EXERCISE 3: Run the CUDA Debugger and Inspect Variables

Let’s start the CUDA Debugger and take a look at variables and memory at the breakpoints we set.

Start the Nsight Monitor.
1. On the target machine, click the Windows Start menu.
2. Scroll down the through the installed programs and select: NVIDIA Corporation > Nsight Monitor.
The Nsight Monitor starts. The monitor icon appears in the system tray.
Start the CUDA Debugger. From the Nsight menu in Visual Studio, select Start CUDA Debugging. (Alternately, you can also right-click on the project and choose Start CUDA Debugging.)

The CUDA Debugger starts. Notice that a popup message indicates that a connection has been made. The debugger start the matrixMul application. Execution continues until the debugger encounters the first breakpoint, at which point the debugger pauses execution.

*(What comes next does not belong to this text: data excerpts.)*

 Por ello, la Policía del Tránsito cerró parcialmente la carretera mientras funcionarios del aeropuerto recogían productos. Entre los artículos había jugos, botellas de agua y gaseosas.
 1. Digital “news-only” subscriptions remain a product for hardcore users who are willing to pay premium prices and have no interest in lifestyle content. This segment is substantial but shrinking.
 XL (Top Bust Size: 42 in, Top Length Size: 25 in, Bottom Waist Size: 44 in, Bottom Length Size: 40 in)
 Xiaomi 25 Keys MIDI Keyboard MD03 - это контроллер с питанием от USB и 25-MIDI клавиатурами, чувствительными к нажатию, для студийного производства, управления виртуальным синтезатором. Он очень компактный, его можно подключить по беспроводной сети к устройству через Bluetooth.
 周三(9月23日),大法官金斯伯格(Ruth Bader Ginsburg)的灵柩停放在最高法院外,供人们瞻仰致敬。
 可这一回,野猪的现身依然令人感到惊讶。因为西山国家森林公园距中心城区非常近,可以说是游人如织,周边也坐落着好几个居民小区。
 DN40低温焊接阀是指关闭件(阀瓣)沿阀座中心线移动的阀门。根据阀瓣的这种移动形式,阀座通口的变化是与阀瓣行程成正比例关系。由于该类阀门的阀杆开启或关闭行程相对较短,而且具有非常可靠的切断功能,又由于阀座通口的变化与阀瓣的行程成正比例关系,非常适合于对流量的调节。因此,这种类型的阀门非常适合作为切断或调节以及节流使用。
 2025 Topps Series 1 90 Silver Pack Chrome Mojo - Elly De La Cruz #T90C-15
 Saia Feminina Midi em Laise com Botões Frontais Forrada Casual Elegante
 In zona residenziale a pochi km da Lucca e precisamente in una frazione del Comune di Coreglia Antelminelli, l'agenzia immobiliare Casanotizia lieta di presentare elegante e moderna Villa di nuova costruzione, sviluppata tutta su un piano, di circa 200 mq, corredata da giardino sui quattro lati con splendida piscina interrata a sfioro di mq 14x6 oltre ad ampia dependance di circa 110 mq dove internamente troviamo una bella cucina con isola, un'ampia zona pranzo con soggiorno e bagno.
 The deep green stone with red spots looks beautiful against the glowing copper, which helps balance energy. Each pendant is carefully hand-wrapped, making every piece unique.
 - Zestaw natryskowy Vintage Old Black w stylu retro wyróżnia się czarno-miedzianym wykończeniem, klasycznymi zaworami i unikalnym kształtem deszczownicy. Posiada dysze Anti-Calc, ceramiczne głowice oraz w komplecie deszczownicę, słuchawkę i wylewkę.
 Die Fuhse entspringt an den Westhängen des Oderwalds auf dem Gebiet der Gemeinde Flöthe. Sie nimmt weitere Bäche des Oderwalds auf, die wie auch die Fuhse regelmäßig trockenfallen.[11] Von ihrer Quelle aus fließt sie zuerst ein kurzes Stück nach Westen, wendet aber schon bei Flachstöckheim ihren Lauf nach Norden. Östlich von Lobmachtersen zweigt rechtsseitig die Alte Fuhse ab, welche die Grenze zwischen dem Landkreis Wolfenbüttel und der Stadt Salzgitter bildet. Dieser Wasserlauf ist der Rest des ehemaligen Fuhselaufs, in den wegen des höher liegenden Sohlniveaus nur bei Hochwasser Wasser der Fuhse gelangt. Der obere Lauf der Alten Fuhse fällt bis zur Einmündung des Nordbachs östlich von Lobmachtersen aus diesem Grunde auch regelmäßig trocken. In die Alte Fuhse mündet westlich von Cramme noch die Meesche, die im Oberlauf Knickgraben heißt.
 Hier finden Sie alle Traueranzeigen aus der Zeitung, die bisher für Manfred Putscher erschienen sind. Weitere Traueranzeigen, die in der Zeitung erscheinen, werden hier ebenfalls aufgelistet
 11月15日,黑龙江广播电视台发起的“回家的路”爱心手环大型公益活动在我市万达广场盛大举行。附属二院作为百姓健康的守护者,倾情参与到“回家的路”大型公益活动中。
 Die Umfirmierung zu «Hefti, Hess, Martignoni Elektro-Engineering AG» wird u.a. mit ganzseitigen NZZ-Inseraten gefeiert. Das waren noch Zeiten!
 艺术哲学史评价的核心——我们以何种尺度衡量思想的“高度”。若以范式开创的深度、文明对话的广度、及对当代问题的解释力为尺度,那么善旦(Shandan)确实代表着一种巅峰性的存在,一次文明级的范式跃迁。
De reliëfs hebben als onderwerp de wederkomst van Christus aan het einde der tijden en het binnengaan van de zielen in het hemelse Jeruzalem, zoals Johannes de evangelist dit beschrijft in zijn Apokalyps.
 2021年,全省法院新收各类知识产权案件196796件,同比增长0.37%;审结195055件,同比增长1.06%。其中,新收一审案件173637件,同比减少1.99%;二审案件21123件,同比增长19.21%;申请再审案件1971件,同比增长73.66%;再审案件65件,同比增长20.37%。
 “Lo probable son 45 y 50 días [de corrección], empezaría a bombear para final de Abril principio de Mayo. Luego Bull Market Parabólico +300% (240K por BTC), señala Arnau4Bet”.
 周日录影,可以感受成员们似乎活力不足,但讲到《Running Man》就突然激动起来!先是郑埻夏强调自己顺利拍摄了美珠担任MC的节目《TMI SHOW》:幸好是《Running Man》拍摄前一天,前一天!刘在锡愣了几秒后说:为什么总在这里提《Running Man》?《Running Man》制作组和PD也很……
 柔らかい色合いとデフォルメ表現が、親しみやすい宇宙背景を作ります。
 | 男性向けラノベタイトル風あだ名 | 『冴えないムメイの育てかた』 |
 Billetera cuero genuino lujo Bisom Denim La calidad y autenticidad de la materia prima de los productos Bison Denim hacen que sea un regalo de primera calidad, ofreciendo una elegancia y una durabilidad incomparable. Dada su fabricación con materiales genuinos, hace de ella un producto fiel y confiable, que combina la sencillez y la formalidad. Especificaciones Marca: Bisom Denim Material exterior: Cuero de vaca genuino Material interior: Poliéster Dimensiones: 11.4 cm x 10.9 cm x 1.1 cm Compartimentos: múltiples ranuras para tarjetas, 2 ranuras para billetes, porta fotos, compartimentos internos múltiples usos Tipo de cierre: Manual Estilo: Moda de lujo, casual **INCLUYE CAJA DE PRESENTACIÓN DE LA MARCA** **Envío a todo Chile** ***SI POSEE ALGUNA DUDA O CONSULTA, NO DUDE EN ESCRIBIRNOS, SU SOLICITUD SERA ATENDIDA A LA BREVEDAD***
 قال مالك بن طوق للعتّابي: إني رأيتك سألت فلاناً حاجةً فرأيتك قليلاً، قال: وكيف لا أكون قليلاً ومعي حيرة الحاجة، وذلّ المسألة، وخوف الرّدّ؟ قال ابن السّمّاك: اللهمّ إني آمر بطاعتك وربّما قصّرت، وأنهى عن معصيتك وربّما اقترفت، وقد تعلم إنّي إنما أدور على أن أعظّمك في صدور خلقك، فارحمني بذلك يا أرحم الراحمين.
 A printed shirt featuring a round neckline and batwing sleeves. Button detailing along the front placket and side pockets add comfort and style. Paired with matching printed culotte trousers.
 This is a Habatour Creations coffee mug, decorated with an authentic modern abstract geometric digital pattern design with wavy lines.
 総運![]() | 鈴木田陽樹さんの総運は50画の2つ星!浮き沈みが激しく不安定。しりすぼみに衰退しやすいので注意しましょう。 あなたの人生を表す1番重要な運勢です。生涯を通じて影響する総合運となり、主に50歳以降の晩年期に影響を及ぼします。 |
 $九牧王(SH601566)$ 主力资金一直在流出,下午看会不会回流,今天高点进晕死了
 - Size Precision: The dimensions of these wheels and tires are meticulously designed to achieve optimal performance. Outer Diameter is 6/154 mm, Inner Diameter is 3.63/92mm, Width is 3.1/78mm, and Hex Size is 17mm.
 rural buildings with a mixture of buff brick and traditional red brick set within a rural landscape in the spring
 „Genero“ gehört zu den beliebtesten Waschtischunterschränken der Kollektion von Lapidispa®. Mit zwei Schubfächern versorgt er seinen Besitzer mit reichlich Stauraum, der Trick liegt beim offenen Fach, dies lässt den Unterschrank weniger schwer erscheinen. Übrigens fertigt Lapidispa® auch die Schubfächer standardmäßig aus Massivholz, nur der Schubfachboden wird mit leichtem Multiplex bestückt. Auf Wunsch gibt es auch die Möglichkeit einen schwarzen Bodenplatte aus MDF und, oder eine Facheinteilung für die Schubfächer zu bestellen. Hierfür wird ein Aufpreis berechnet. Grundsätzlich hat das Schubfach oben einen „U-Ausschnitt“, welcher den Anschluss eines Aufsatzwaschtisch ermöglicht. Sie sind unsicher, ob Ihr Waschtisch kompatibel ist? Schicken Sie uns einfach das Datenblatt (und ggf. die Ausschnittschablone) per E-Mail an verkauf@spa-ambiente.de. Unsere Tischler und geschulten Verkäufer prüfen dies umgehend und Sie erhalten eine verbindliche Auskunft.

You cannot use F5 to start the CUDA Debugger unless you change the key bindings. The default key binding in Visual Studio for the F5 key is to start the native debugger (CPU debugger). However, once the CUDA Debugger starts, it will respond to the other key bindings that affect run control (such as F11 and F12).
From the Debug menu, choose Windows > Locals. The Locals window opens. The Locals window displays the variables and their values in the current lexical scope. Notice the value of the variable aBegin in the Locals window.
Click the Step Into icon or press F11.

Notice that the value of the variable aBegin changed. The color red indicates that the value changed as a result of the last instruction executed, which in this case was the statement that had the first breakpoint.

Keep in mind that, unlike using the native debugger on CPU code, you cannot change the value in GPU memory by editing the value in the Locals window.
Click the Run icon or press F5.

The CUDA Debugger resumes execution of the matrixMul application, and pauses before executing the instruction on the line of source code at the next breakpoint. Before we continue execution, let’s take a look at the values in memory.

From the Debug menu, choose Windows > Memory > Memory Window 1. The Memory window opens.
Click and drag a variable from the Locals window onto the Memory window. The memory window displays the values at the address that corresponds to the variable (or pointer).

When viewing memory in __local__, __const__ or __shared__ make sure the Visual Studio Memory view is set to Re-evaluate automatically. This will ensure that the memory shown is for the correct memory space. Without this, the display can change to an address which defaults to global memory.

Note:

You cannot change the value in GPU memory by editing the value in the Memory window.

EXERCISE 4: Run the Memory Checker

The CUDA Memory Checker keeps track of all memory allocations. to ensure that invalid memory locations are not accessed by the target application.

Writing to an out-of-bounds memory location in a CUDA kernel launch causes the GPU to terminate the launch, and places the CUDA context in a permanent error state. This results in all CUDA API functions returning an error code, such as CUDA_ERROR_UNKNOWN. The coding errors that lead to invalid memory access can been difficult to debug without a memory checker.

From the Nsight menu, select Enable CUDA Memory Checker. A checkmark indicates that the Memory Checker is enabled.
Start the CUDA Debugger.
1. Make sure that the Nsight Monitor is running on the target machine (either a remote machine or localhost, depending on your configuration).
2. From Nsight menu, select Start CUDA Debugging. (Or right-click on the project and choose Start CUDA Debugging.)
  
  The CUDA Debugger starts and launches the target application.